One of the most valuable recommendations you could hear is: don’t underestimate the power of naps! Allow time for naps each day based on your child’s age and needs.
Here are some recommendations to follow that may lead you to wake your baby up during nap time (and which guarantee you a long night’s sleep!).
The morning nap should follow a certain rhythm around the twelfth week and last between 60 and 120 minutes; it should not last longer than 2 hours. If you let your child extend this resting period, your baby may have trouble falling asleep in the afternoon. When babies take two naps a day, you can try to limit the first nap to an hour and a half so that your child doesn’t become exhausted and frustrated when she is supposed to start her second nap.
Several weeks after the morning nap is set up, the afternoon nap should be regularized in terms of time and duration. This nap should not last more than 2 hours. Do not allow too much time to elapse between the end of the morning nap and the beginning of the afternoon. As mentioned above, keep an eye on the clock, observe your baby to identify possible sleep indicators, and use your log to write it down.
Finally, a third nap in the late afternoon (or “catnap”) may be shorter. It lasts between 45 and 60 minutes, depending on the quality and quantity of previous naps.
Some parents deduce that their child needs only a bit of sleep at night because they are themselves able to run on little sleep. However, I would like to stress that every child, without exception, needs a lot of rest to develop and function well. An overtired baby has more trouble sleeping. Napping helps children to sleep better at night, so keeping them awake during the day will not help them sleep longer at night. To make sure that your child is not too tired at bedtime, no more than 4 to 5 hours should have passed between the end of the last afternoon nap and the beginning of the night.
“Sleep begets sleep” is a powerful parental mantra. When talking about children’s sleeping needs, we cannot compare the needs of children with those of adults. Some people think that a child who does not take a nap will be able to make up for missed rest hours, thus they deduce that the child will sleep longer in the morning. The reality is quite different because the opposite occurs. The less a child sleeps during the day, the more disturbed her sleep will be at the end of the day. An overtired child will also wake up before 6 a.m. and have a hard time to nap. The more a baby sleeps during the day (respecting time limits and avoiding interference), the better she sleeps at night, and the longer she sleeps in the morning. This may seem illogical, but it is the simple truth.
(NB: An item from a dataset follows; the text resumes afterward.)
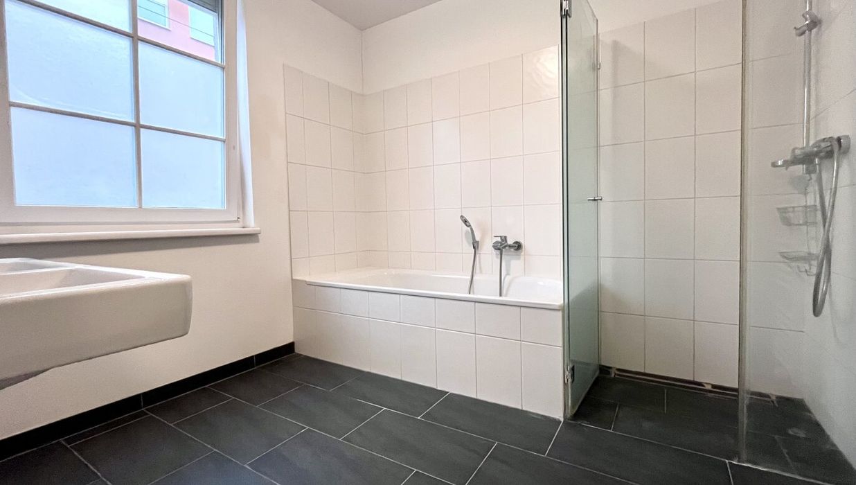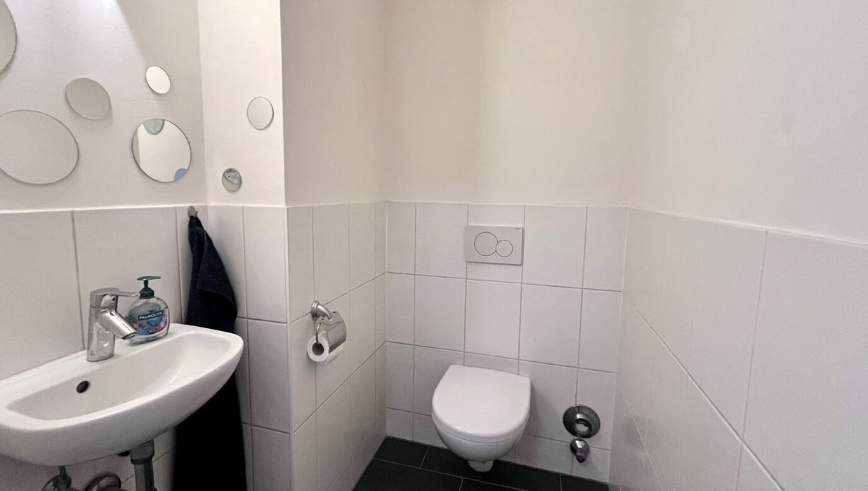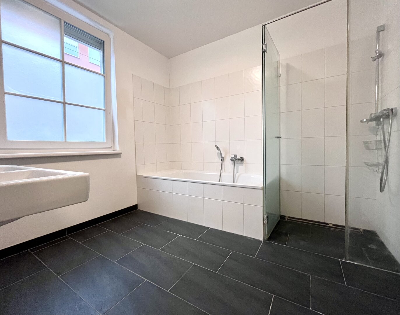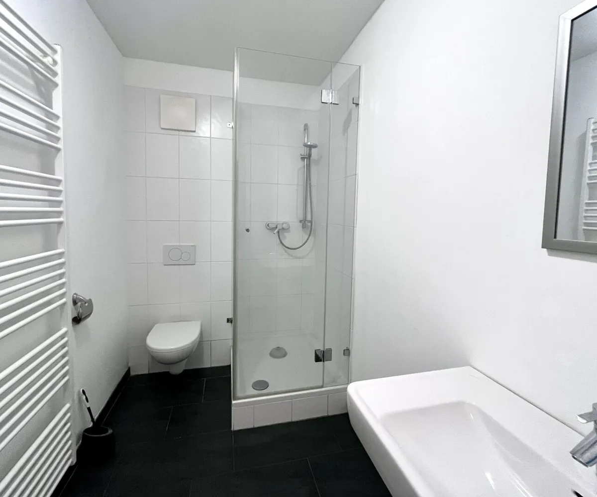 Im unteren Bereich der Wohnung steht ein weiteres Badezimmer mit Dusche und Toilette, sowie ein weiterer Raum zur Verfügung, der sich flexibel als Schlafzimmer oder Homeoffice nutzen lässt.

Napping all day and not sleeping at night can be great for the baby but remains incredibly unpleasant for the parents. There is a proven correlation between the duration of daytime naps and the quantity and quality of nighttime sleep. Too much or not enough sleep during the day affects the baby’s night, and thereby yours as well.
What’s the best way to put my baby down for a nap? To ease your baby into nap time:
- Set the mood. A dark, quiet and comfortably cool environment can help encourage your baby to sleep.
- Put your baby to bed drowsy, but awake. Drooping eyelids, eye rubbing, and fussiness might be signs that your baby is tired. The longer you wait, the more overtired and wired your baby might become — and the harder it might be for her to fall asleep.
- Avoid holding, rocking or feeding your baby to sleep. Eventually, this might be the only way your baby can fall asleep. If your baby tends to fall asleep in your arms after a feeding, do something gentle right afterward — such as changing her diaper or reading a short story. This will help to wake her up and put her drowsy in bed.
- Be safe. Place your baby to sleep on her back and clear the crib or bassinet of blankets and other soft items.
- Be consistent. Your baby will get the most out of daytime naps if she takes them at the same time each day and for about the same length of time. Occasional exceptions are inevitable, of course, and won’t harm your baby.
3. Feed well and enough during daytime
Sleeping and feeding are closely connected, even inseparable. Not sleeping enough can impact a child’s development because it impacts the weight gain. On the other hand, eating too little calories during the day can cause nighttime wakening due to hunger.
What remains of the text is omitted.